Part One: The Good Son

By Mari Taketa

For the Love of Mom

One couple’s passion leads to bread-making. A young cook discovers life lessons in his grandmother’s restaurant. In this three-part series, Hawaii’s kitchens turn out stories of faith, sacrifice and enduring love across the islands and generations.

Parents

His mom worked too hard serving coffee behind someone else's lunch counter, so Eddie Flores bought her one of her own. But even that remarkable gift--which would launch L&L Hawaiian Barbecue into a national plate-lunch empire--doesn't begin to tell the real story.

Margaret Lum had enough unrealized dreams in her family even before her first children were born. She lost her mother to cholera when she was 5. Her father failed at his attempts to open his own restaurant. Sent from her Big Island home to be raised by an aunt in China, Margaret was trapped there by World War II. By the time she married musician Eduardo Flores, loss had instilled in her a fierce determination, and she held their growing family together through Eduardo’s stints in Hong Kong, Macao and Vietnam. Truck

When the family emigrated to America there was only enough money for Margaret, Eduardo and their four youngest to resettle in Hawaii. But she knew her oldest children had her drive.

Sixteen-year-old Eddie and his sister Josephine, 18, were sent to live with relatives in California until they could earn enough to repay them for the air fare from Hawaii, and then enough to pay their own way back.

“You have to understand Ed,” says Josephine. "When we were kids in Hong Kong, the rest of us would buy candy with our allowance and eat it all up. Except for Ed--he would wait until we had no money, then sell us Lifesavers on credit."

“In San Francisco we lived with different uncles. He would catch the bus two and a half hours to see me. When I had a kidney problem, he took every last penny he had and told me to go home to Hawaii. I said no, but that was the kind of person he was.”

By the time Eddie rejoined the family, he had supported himself through high school by working janitorial and stock boy jobs. He put himself through the University of Hawaii by charging $1.25 for admission to soccer movies he showed at Kuykendall Hall. By the time he was 25 he had his own real estate company. And by the time he was 28, he had the $22,000 to buy his mom the tiny L&L Drive-Inn at the end of the old Liliha Street trolley stop in Honolulu, a block from where the family was living in a dilapidated two-bedroom house.

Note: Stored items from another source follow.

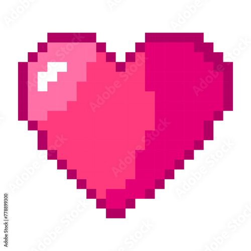 Pixel art heart. love color icon valentine. red heart. Gaming controller, symbols set.
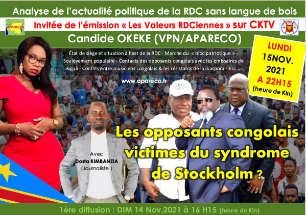 A suivre / Candide OKEKE (VPN/APARECO) sur CKTV Dimanche 14 Nov & Lundi 15 Novembre 2021 : « Les opposants congolais victimes du syndrome de Stockholm? »
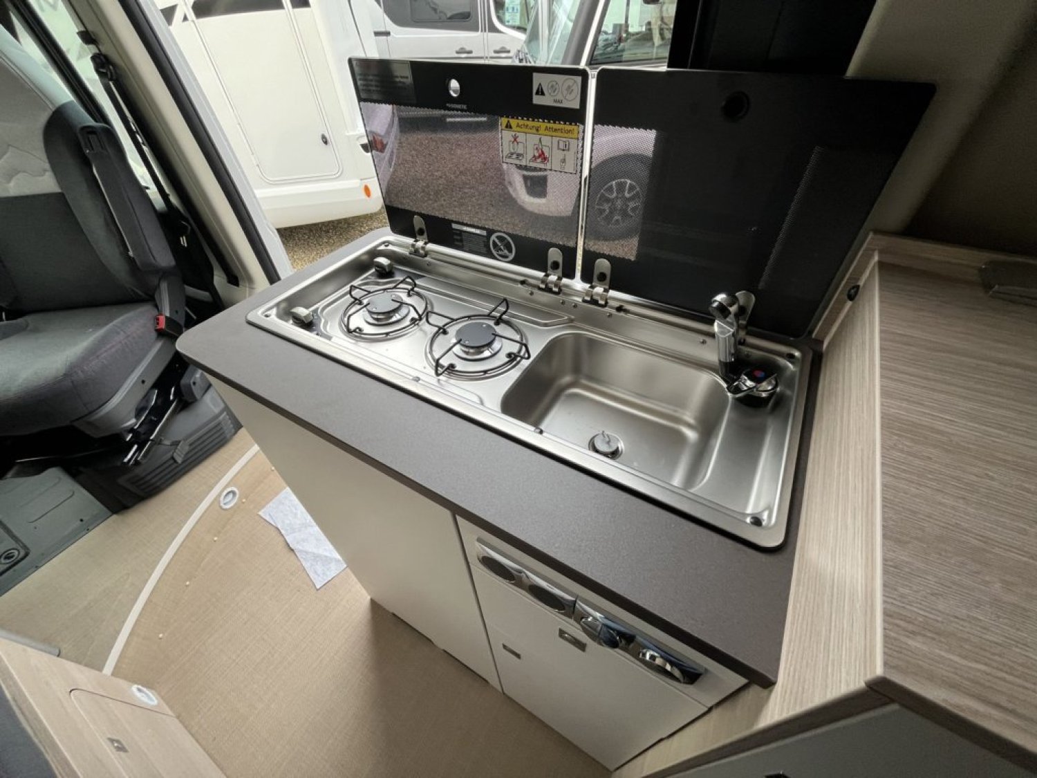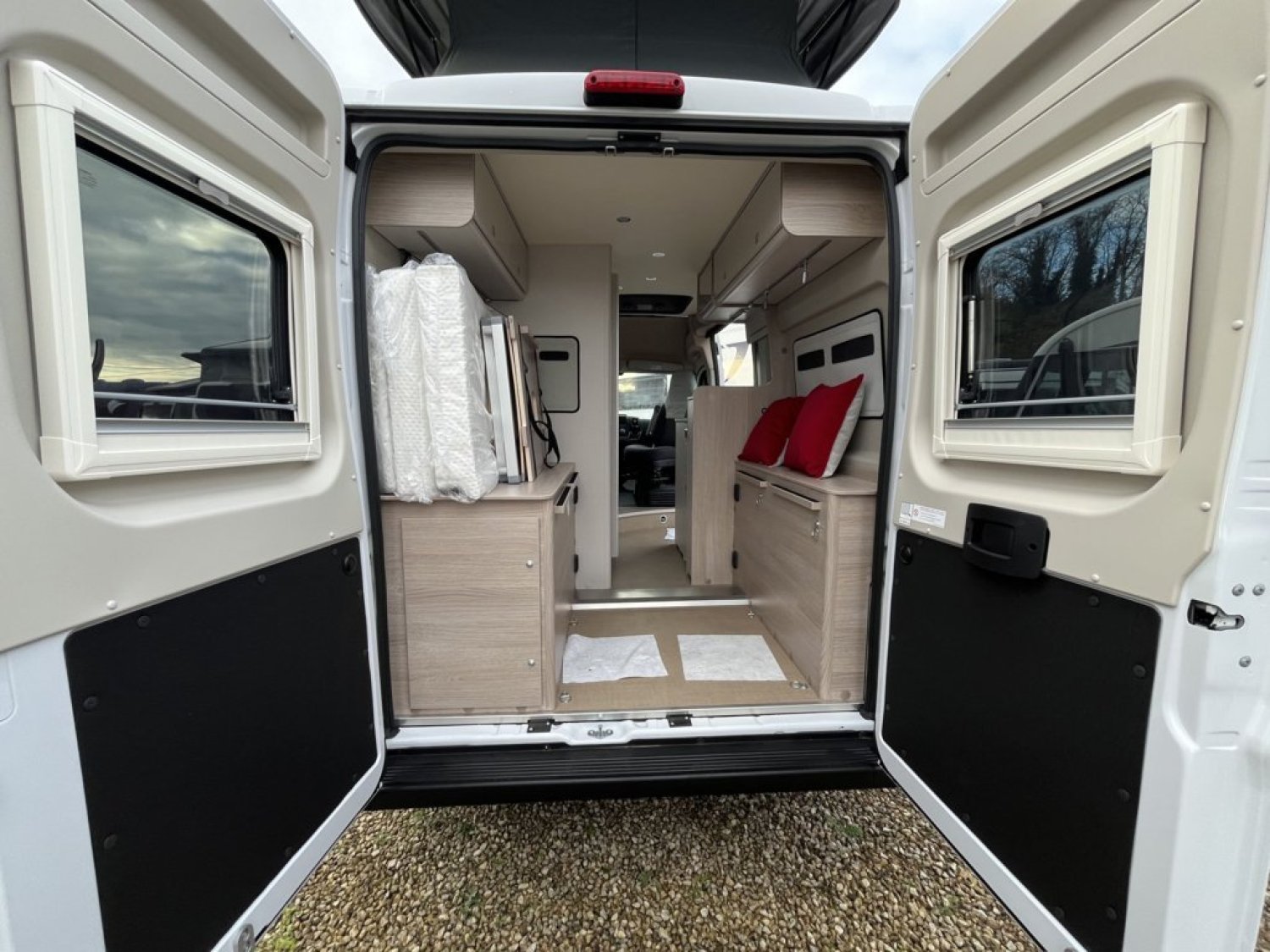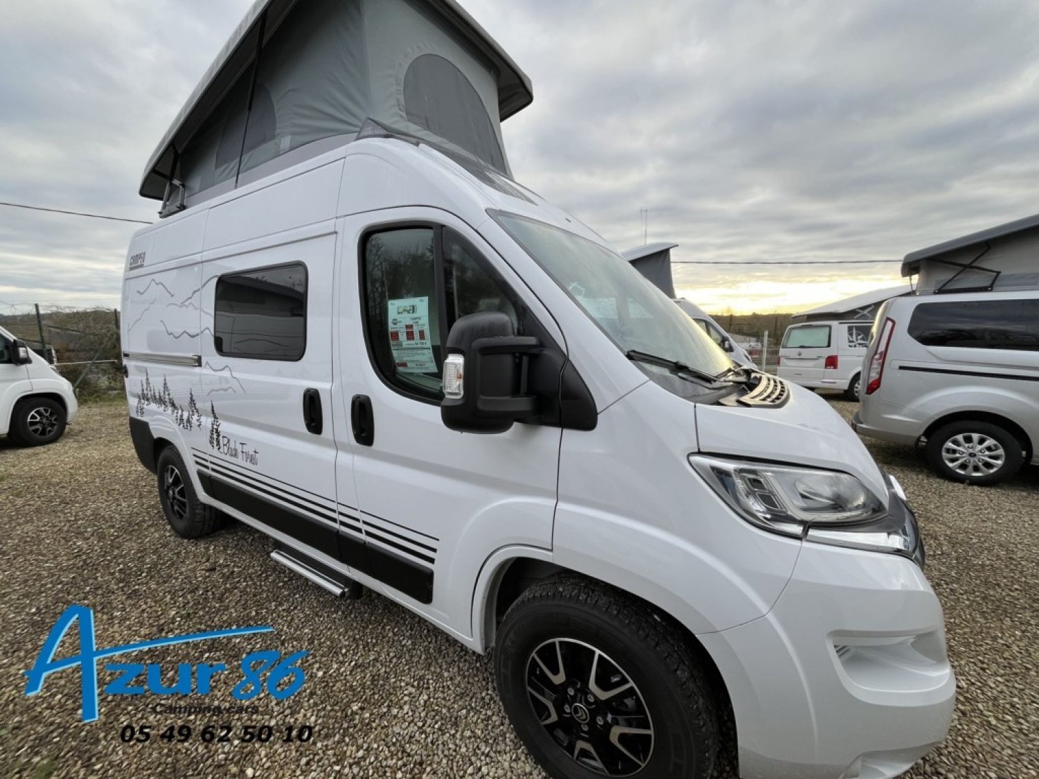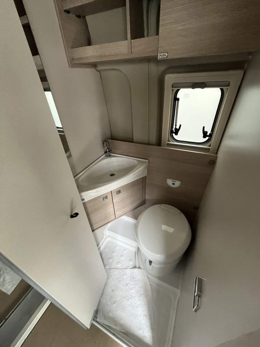 Bac de douche, Cuisine en long, Lit central transversal, Lit toit relevable, Salon avant sièges pivotants, WC Cassette.

“Ed see me working so hard, serving coffee at Lyn’s Delicatessen at Ala Moana Center,” says Margaret, now 79. “He look for some small business for me. I said no need! But he know I don’t have money.”

Family_oldEddie saw it differently. “For a Chinese immigrant it’s always a dream to own a restaurant,” he says. “I had just made money in my real estate investments, so being a good son, I bought my mother a restaurant.”

If his intent was to ease her life, it backfired. Margaret, who spoke little English and had no actual experience cooking in a restaurant, suddenly found herself working 80-hour weeks on her feet, grappling with unfamiliar plate-lunch specialties like kalua pig and Hawaiian-style curry and trying to master purchasing, cooking, management and finances. “Business not bad. I’m happy,” Margaret recalls. “But my legs all sore. Even now, my legs sore.”

Three years later varicose veins brought an end to her restaurant career, but Eddie had achieved more than he realized: Margaret would never go back to serving coffee, and his filial gift would turn into the recipe that launched the humble L&L into a national plate-lunch phenomenon. Today Eddie, 61, runs L&L Hawaiian Barbecue as president and CEO, while Johnson Kam, a longtime friend who bought Margaret’s share of the original restaurant, is chairman.

The formula for expansion is simple: look for cities with concentrations of Hawaii transplants, secure locations in strip malls, train managers in plate lunches and the aloha spirit, and tailor menus to local tastes. “We started with a basic menu of hamburger steaks, curry, stew, hamburgers. As we expanded, L&L was the first with mini plates and we introduced barbecue chicken, short ribs, chicken katsu, Spam musubi,” Eddie says. “But it’s really a shotgun approach: if somebody says we want to open here, I say let’s go for it.”

At last count L&L Hawaiian Barbecue had 185 franchises stretching as far away as New York City, all offering two scoops rice, macaroni salad and a local-style entrée. Lately Eddie has been talking about taking the operation full circle, back to his roots in Asia.

Margaret couldn’t care less. “I don’t want to worry too much,” she says. “I have good children. As long as Ed do OK, I’m OK.